Terms and conditions of purchase

of LINETECHNOLOGY GmbH

  1. Relevant Conditions
    1. The legal relationships between LINETECHNOLOGY GMBH (hereinafter referred to as "Ordering Party") and the respective supplier or other contractor (hereinafter referred to as "Supplier") shall be exclusively governed by the following Conditions of Purchase.
    2. Upon the acceptance of an order or any other offer from Ordering Party, these Conditions of Purchase shall become part of the contract and have priority over the conditions of Supplier.
    3. These Conditions of Purchase shall also apply to all future business transactions with Supplier.
  2. Object of Order; Conclusion of Contract
    1. Inquiries of Ordering Party shall always be non-binding. A contract binding to Ordering Party shall be present only when an individual agreement that has been signed by Supplier is received by Supplier with the countersignature of Ordering Party. Declarations, additions and changes to the agreements made orally (in person), over the telephone or by telex shall be binding to Ordering Party only once Ordering Party has confirmed them in writing
    2. Ordering Party shall also have the option of placing individual orders and delivery requests in textual form (fax, email) AFTER PREVIOUS WRITTEN AGREEMENT
    3. Offers and quotations shall be binding and free of charge unless expressly agreed otherwise.
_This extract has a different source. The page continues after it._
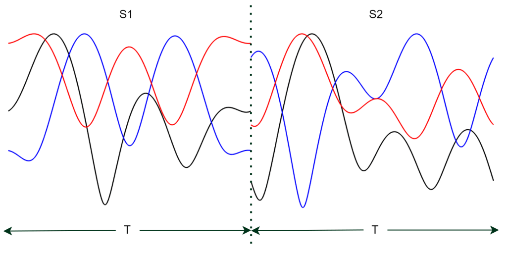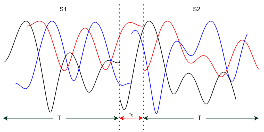Since path A and path C are longer than path B, the received signals taking those paths will be delayed compared to the signal that traveled path B. Since path A is the longest path, it will arrive last. As mentioned in the diagram below, the difference between path A (black) and path C (red) is Tc seconds. Now, these copies of the signal (blue & red) carrying S1 overlaps with the signal carrying S2. This overlap is called Inter Symbol Interference (ISI). Delayed copies of the first symbol/signal carrying S1 interfered with the symbol/signal carrying S2. The orthogonality of the signals will be partially lost. This interference corrupts the last samples of S1 and the initial samples of S2. Following is the illustration: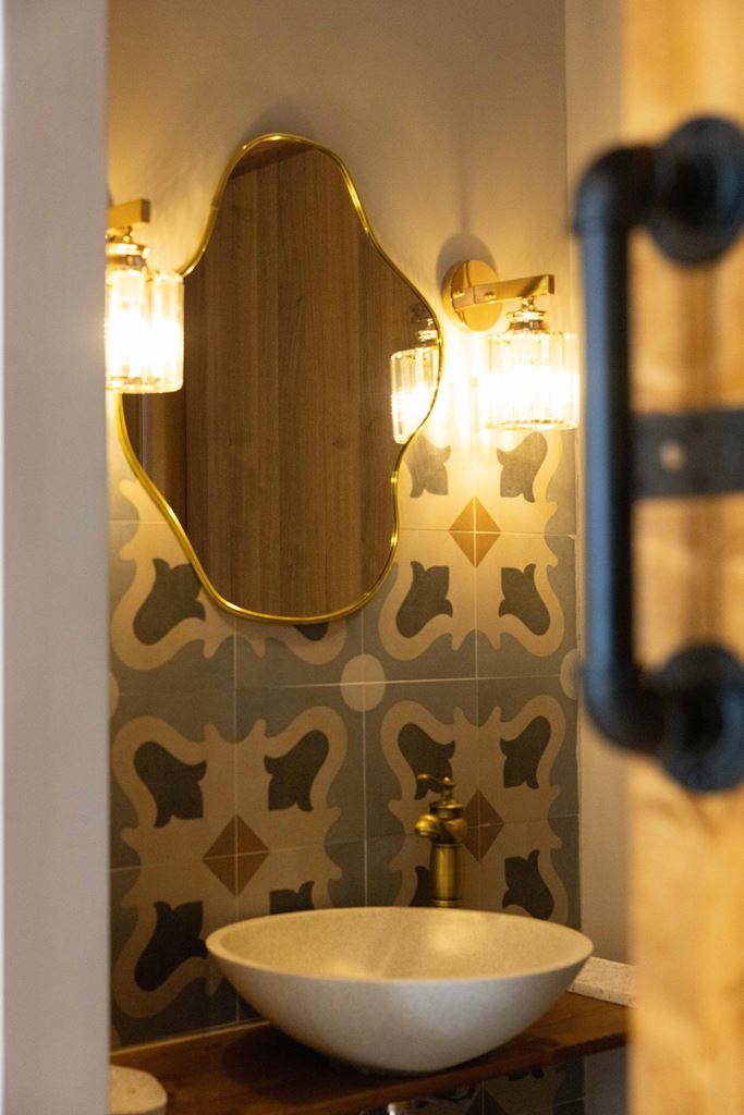 Alcuni elementi sono stati realizzati su misura e costruiti in casa: la porta del bagno e il mobile centrale con l’albero sono stati interamente creati con legno e compensato, poi rivestiti con piastrelle, unendo manualità e creatività.

    4. ORDERING PARTY MAY REQUEST REASONABLE MODIFICATIONS TO THE OBJECT OF DELIVERY REGARDING DESIGN AND EXECUTION. The effects, particularly regarding increased or reduced costs and delivery dates, shall be resolved appropriately and in mutual agreement.
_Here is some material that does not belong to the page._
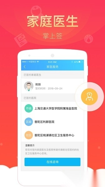 家庭医生线上签:在线与家庭医生签约,获取专业健康指导。

    5. THE "QUALITY GUIDELINES FOR PROCUREMENT" AND THE "GUIDELINES FOR SECURITY AND ENVIRONMENTAL PROTECTION” OF ORDERING PARTY ARE PART OF THE CONTRACT.
  3. Pricing, Payment
    1. Without special agreement, the "ex works" prices of Ordering Party shall apply duty paid (DDP in accordance with Incoterms 2020) including packaging. This shall not include sales tax.
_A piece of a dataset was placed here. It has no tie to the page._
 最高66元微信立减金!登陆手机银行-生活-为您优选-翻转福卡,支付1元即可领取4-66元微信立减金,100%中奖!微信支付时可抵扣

    2. Without special agreement, Ordering Party shall pay either within 30 days with a 3% discount or within 90 days without discount from the due date of the payment request and receipt of both invoice and goods or rendering of the service. PAYMENT COMES WITH THE PROVISION OF AN AUDIT
    3. If early deliveries are accepted, the due date shall be governed by the agreed-on payment date; if in doubt, no earlier than after the agreed-on delivery date.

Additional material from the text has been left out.